*** Opening of Record extracts ***

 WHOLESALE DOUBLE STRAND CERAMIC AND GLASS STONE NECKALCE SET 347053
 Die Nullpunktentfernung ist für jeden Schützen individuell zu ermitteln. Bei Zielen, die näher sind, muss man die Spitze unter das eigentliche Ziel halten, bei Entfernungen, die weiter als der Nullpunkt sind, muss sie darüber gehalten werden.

*** Close of Record extracts ***
*** Opening of Record extracts ***

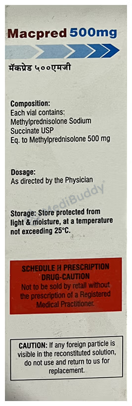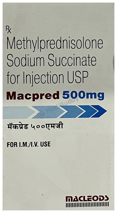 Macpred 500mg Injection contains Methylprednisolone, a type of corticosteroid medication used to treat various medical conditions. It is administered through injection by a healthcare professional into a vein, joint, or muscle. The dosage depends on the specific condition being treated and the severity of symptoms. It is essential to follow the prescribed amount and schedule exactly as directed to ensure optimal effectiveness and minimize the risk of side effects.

*** Close of Record extracts ***
*** Opening of Record extracts ***

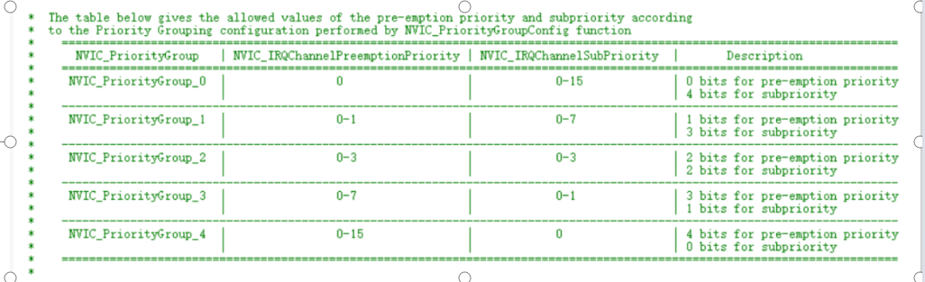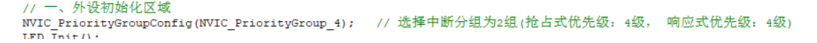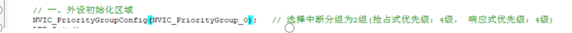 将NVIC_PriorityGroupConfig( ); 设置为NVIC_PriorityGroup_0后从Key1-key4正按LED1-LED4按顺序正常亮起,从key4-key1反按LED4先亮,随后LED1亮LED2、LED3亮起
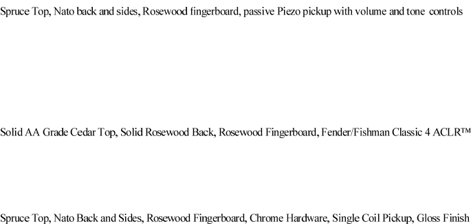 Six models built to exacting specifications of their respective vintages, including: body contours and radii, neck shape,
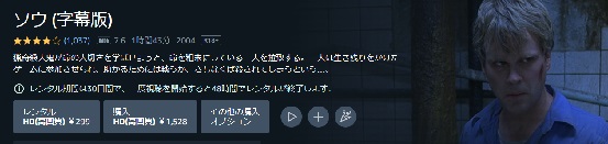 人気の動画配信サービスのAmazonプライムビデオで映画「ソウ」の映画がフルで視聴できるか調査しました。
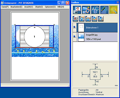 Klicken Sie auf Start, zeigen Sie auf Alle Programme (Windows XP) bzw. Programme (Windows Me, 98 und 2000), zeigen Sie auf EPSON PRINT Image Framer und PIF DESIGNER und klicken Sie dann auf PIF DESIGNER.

*** Close of Record extracts ***

> [Requirement]: Reproduce the lines of the entries above from the one with "WHOLESALE DOUBLE STRAND" to the one with "Die Nullpunktentfernung ist", both included, exactly and without any other line.

> [Exercise output]:
 WHOLESALE DOUBLE STRAND CERAMIC AND GLASS STONE NECKALCE SET 347053
 Die Nullpunktentfernung ist für jeden Schützen individuell zu ermitteln. Bei Zielen, die näher sind, muss man die Spitze unter das eigentliche Ziel halten, bei Entfernungen, die weiter als der Nullpunkt sind, muss sie darüber gehalten werden.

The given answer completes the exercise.